■ WORKING DATA:
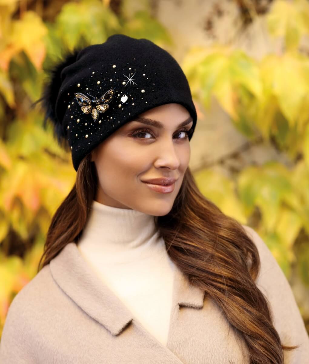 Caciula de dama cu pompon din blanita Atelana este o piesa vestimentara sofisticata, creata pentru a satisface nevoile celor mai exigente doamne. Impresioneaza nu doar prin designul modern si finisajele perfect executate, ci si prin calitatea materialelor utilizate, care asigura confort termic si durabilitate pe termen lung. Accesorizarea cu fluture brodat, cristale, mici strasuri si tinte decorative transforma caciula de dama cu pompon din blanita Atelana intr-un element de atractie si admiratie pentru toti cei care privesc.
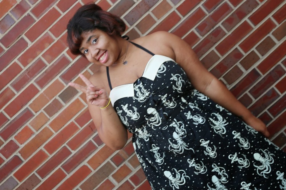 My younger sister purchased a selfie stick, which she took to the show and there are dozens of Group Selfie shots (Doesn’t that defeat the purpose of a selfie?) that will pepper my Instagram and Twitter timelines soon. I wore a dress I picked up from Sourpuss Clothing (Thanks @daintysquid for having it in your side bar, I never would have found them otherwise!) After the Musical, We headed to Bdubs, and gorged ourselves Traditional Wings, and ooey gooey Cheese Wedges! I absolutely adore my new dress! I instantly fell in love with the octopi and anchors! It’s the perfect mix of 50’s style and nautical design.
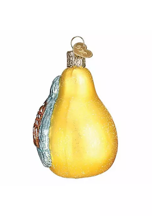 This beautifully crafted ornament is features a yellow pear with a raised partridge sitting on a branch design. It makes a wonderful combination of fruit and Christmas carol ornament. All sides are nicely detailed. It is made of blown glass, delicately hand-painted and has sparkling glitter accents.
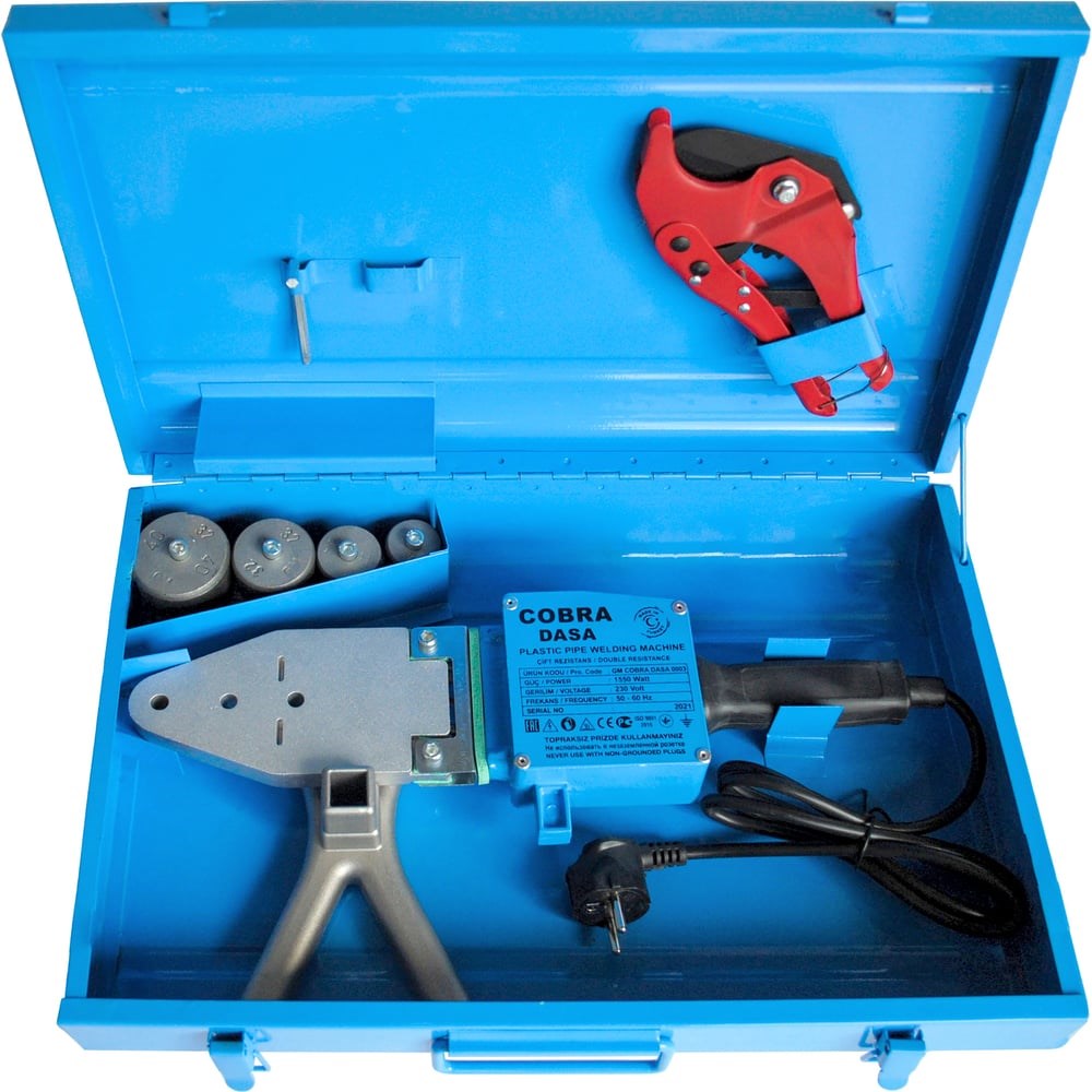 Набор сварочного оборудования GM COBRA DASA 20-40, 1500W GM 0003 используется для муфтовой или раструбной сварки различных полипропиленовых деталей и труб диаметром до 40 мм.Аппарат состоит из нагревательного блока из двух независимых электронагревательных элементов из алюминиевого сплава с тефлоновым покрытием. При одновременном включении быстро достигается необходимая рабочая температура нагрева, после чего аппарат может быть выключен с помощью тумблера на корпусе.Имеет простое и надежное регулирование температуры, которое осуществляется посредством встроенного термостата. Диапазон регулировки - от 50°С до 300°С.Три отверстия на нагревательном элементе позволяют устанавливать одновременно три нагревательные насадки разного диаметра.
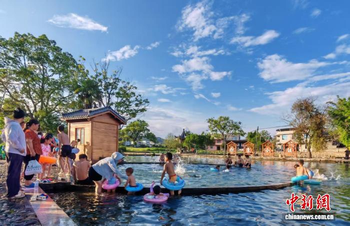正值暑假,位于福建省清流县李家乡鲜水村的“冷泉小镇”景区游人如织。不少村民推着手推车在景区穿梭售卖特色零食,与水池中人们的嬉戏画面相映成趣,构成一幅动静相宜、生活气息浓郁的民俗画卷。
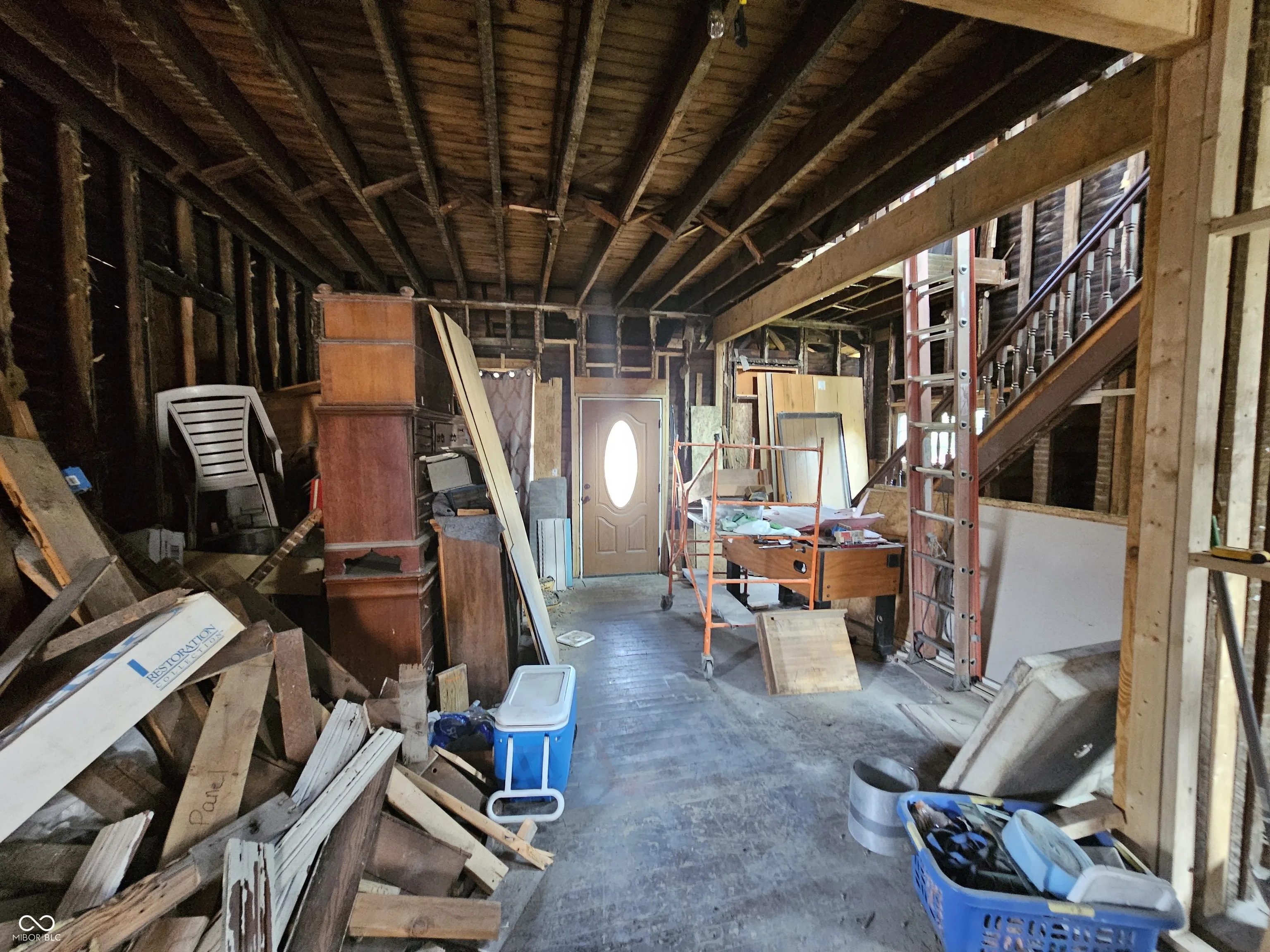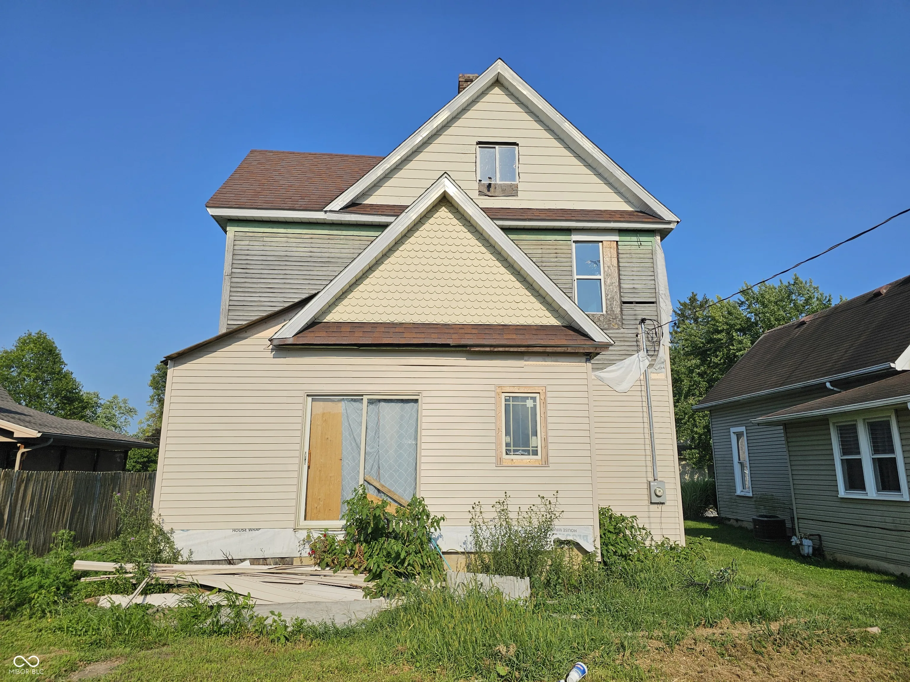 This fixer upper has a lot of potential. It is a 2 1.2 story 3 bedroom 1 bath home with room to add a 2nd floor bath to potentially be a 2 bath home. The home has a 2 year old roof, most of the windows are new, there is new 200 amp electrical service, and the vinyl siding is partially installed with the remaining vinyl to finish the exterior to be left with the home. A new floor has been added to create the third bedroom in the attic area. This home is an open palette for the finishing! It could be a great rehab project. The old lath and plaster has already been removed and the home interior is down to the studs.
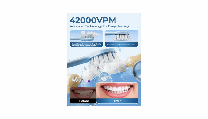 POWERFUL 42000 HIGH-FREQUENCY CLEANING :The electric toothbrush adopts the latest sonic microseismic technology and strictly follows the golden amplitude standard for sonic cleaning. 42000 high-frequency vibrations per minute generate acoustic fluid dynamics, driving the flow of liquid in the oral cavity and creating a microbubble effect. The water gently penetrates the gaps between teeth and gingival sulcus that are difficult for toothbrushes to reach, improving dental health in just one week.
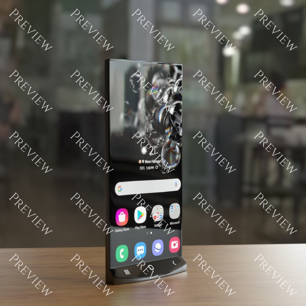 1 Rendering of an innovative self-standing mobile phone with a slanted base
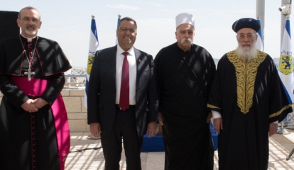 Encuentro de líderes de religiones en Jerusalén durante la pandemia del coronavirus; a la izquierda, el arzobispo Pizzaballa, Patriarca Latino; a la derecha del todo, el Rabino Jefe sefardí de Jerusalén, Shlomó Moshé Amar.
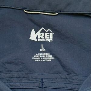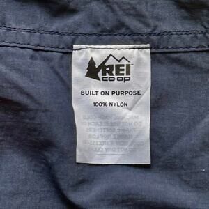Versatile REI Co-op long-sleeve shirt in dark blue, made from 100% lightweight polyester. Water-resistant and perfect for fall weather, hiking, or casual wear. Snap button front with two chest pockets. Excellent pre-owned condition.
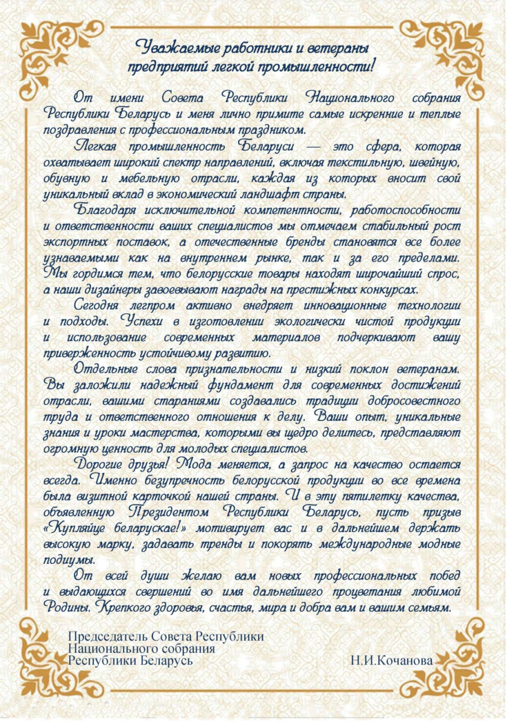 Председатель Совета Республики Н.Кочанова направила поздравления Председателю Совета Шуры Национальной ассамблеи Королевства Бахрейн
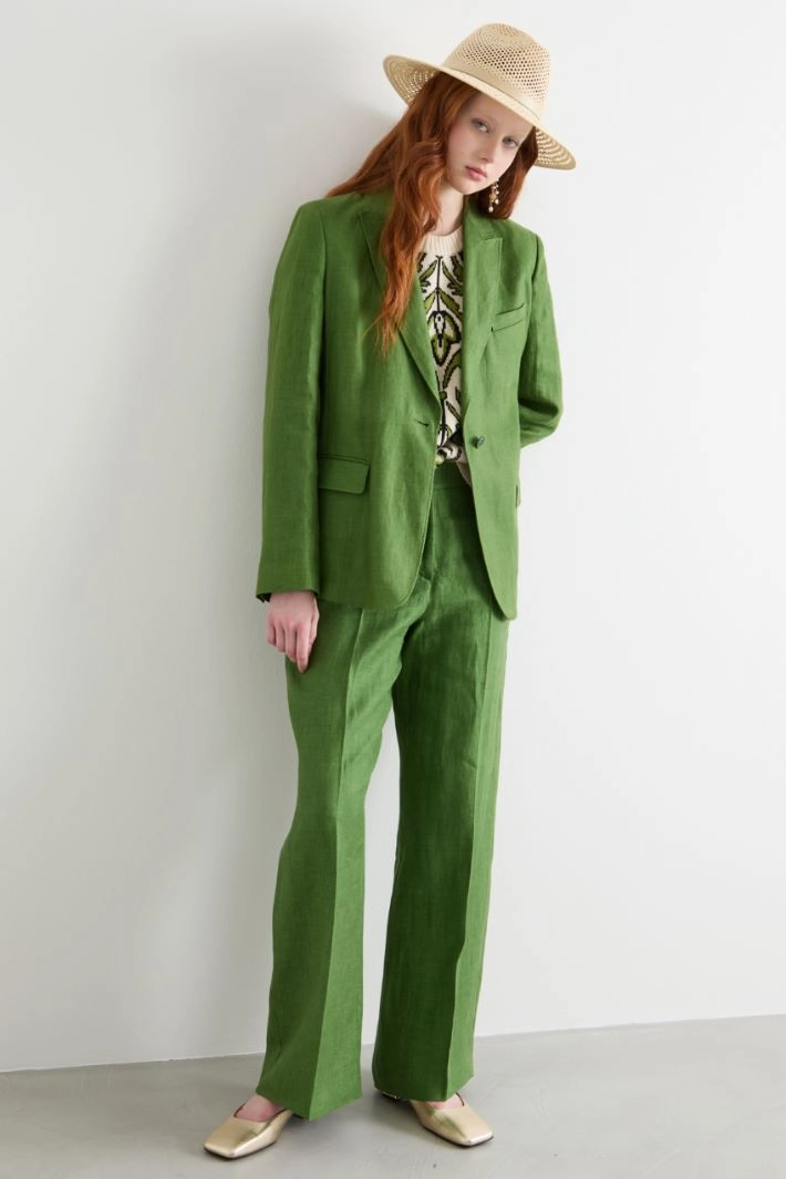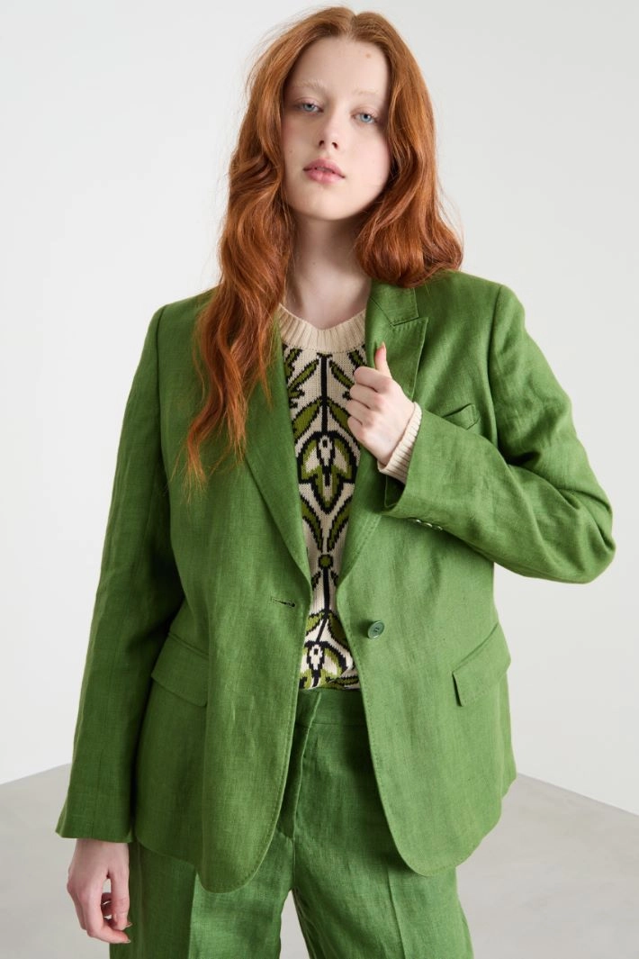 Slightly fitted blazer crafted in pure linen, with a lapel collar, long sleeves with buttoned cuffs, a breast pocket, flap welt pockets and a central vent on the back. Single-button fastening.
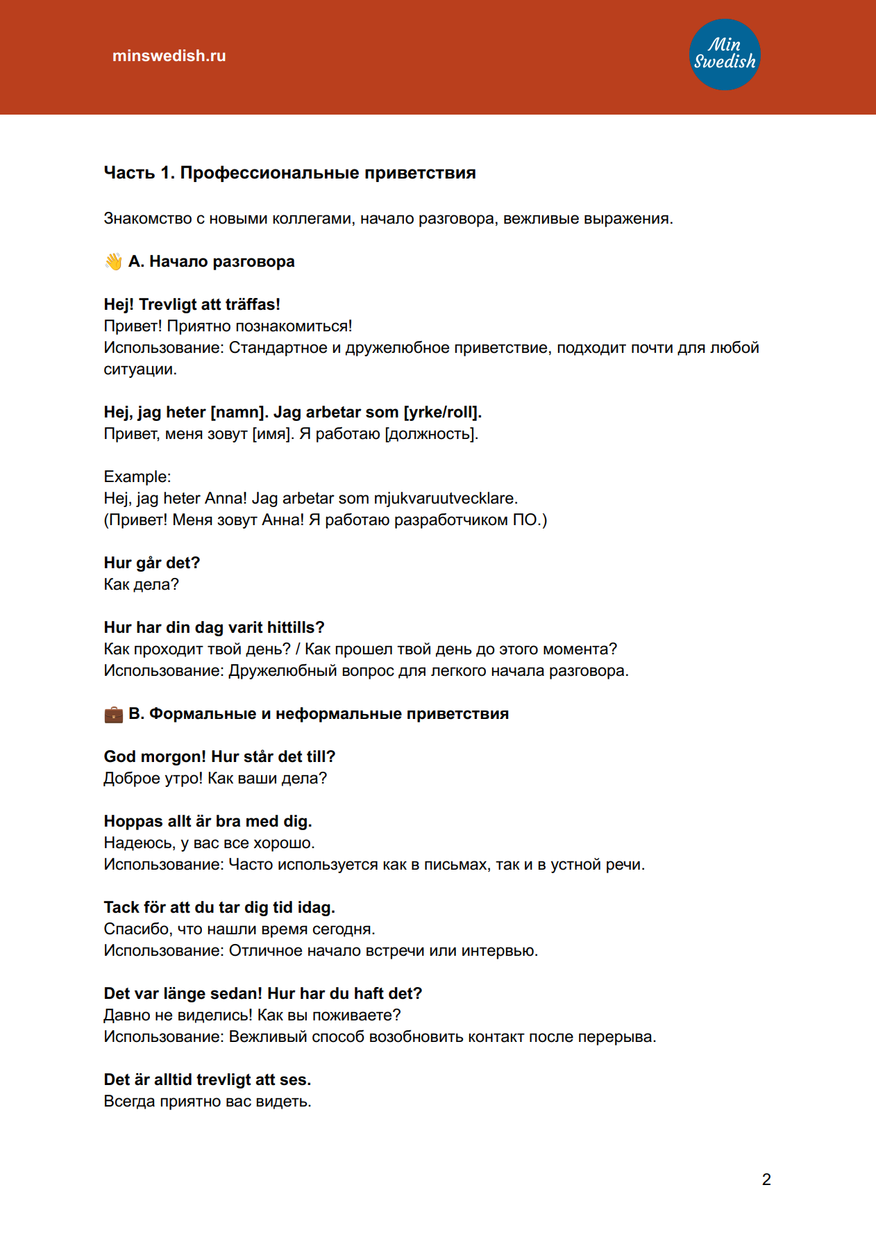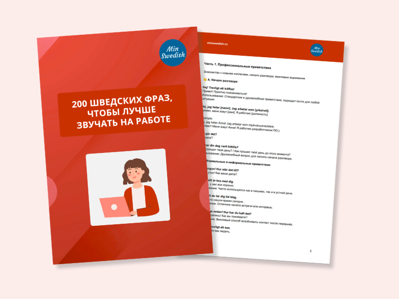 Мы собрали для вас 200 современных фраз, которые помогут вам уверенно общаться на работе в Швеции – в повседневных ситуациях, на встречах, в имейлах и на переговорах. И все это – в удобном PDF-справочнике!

■ WORK TASK:
Give back the exact lines above, running from the one that has "1 Rendering of" through the one that has "Encuentro de líderes", with nothing added and no pictures.

■ FINISHED TASK:
 1 Rendering of an innovative self-standing mobile phone with a slanted base
 Encuentro de líderes de religiones en Jerusalén durante la pandemia del coronavirus; a la izquierda, el arzobispo Pizzaballa, Patriarca Latino; a la derecha del todo, el Rabino Jefe sefardí de Jerusalén, Shlomó Moshé Amar.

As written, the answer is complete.